───── Supplied records ─────

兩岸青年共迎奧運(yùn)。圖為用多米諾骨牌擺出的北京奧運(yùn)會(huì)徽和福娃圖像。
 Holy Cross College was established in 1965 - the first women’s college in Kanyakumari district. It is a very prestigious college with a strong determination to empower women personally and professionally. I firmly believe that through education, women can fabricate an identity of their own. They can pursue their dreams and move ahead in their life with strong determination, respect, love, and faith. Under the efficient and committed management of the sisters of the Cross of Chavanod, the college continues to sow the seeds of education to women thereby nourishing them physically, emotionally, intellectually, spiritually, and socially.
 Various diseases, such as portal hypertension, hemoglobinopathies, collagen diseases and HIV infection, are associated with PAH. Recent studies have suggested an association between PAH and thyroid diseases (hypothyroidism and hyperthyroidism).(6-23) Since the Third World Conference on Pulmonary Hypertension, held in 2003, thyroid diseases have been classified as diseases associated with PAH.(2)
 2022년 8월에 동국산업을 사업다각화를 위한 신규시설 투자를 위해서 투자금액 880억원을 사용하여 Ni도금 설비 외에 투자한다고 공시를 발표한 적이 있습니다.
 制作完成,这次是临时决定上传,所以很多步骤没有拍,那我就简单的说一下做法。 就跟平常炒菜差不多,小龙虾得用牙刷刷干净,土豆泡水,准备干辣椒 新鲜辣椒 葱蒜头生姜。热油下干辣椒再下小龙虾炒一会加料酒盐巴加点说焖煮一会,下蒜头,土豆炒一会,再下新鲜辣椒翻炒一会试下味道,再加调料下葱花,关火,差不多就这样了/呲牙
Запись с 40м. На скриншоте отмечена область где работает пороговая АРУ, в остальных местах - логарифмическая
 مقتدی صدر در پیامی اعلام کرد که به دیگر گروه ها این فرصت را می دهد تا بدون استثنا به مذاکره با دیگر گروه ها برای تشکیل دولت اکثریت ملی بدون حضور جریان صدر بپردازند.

─────

Your answer must be the lines from the one holding "Various diseases, such" to the end of the listing above, exactly as written and nothing else.

 Various diseases, such as portal hypertension, hemoglobinopathies, collagen diseases and HIV infection, are associated with PAH. Recent studies have suggested an association between PAH and thyroid diseases (hypothyroidism and hyperthyroidism).(6-23) Since the Third World Conference on Pulmonary Hypertension, held in 2003, thyroid diseases have been classified as diseases associated with PAH.(2)
 2022년 8월에 동국산업을 사업다각화를 위한 신규시설 투자를 위해서 투자금액 880억원을 사용하여 Ni도금 설비 외에 투자한다고 공시를 발표한 적이 있습니다.
 制作完成,这次是临时决定上传,所以很多步骤没有拍,那我就简单的说一下做法。 就跟平常炒菜差不多,小龙虾得用牙刷刷干净,土豆泡水,准备干辣椒 新鲜辣椒 葱蒜头生姜。热油下干辣椒再下小龙虾炒一会加料酒盐巴加点说焖煮一会,下蒜头,土豆炒一会,再下新鲜辣椒翻炒一会试下味道,再加调料下葱花,关火,差不多就这样了/呲牙
Запись с 40м. На скриншоте отмечена область где работает пороговая АРУ, в остальных местах - логарифмическая
 مقتدی صدر در پیامی اعلام کرد که به دیگر گروه ها این فرصت را می دهد تا بدون استثنا به مذاکره با دیگر گروه ها برای تشکیل دولت اکثریت ملی بدون حضور جریان صدر بپردازند.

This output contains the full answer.